- **PROBLEM TO SOLVE**
In the records below, find the line holding "WE USE ONLY SUSTAINABLE BIO BASED MATERIALS" and the line holding "Jiang Weiping's Overseas Assets Exposed". Set down both, with every line between them, exactly.

--- LISTED ENTRIES Enclosed Below ---

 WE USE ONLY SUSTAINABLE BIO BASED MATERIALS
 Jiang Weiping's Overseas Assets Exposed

--- End of Enclosed LISTED ENTRIES ---
--- LISTED ENTRIES Enclosed Below ---

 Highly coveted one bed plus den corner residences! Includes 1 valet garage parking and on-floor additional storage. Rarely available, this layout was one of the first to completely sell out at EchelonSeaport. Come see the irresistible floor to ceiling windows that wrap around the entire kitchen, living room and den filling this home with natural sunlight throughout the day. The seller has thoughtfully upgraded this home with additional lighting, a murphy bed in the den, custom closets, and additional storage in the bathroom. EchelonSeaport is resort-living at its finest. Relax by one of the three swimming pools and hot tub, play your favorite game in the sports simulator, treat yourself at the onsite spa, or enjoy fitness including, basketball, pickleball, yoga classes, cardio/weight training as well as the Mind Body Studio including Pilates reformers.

--- End of Enclosed LISTED ENTRIES ---
--- LISTED ENTRIES Enclosed Below ---

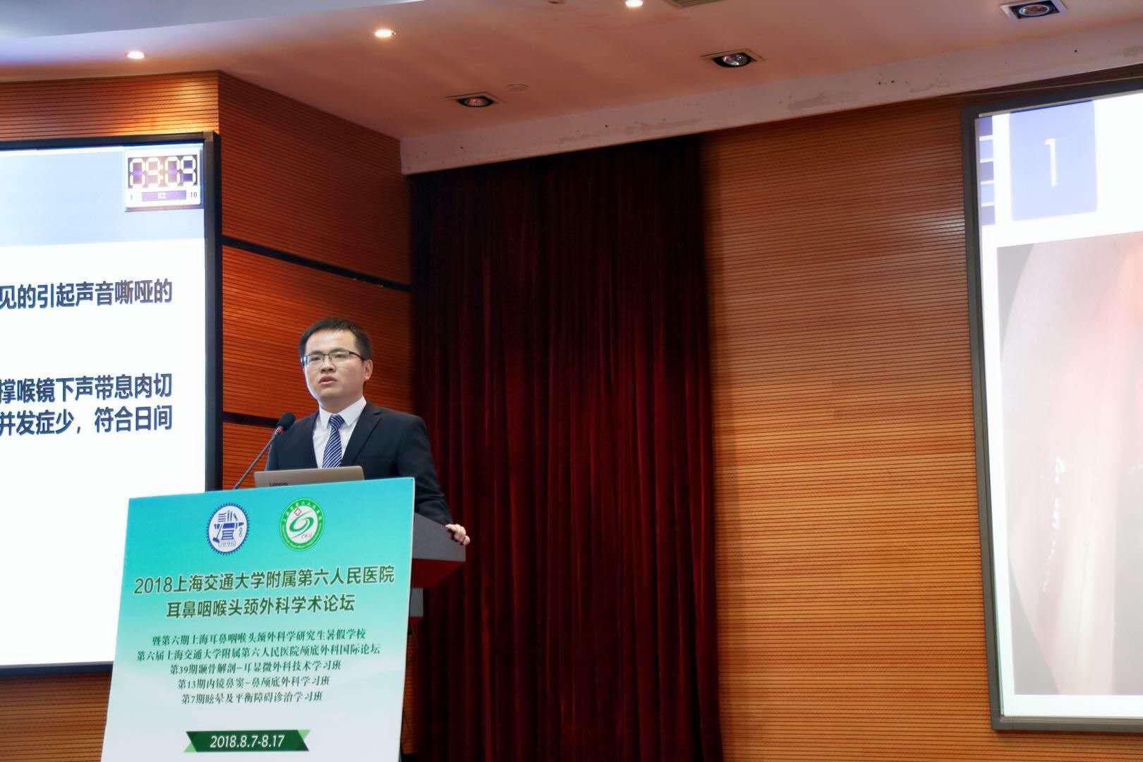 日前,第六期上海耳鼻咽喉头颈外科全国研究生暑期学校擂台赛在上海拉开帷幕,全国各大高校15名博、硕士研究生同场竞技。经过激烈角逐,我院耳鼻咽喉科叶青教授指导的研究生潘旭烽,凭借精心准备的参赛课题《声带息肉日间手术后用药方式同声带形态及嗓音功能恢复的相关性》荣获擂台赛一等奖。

--- End of Enclosed LISTED ENTRIES ---

- **RESULT OF THE EXERCISE**
 WE USE ONLY SUSTAINABLE BIO BASED MATERIALS
 Jiang Weiping's Overseas Assets Exposed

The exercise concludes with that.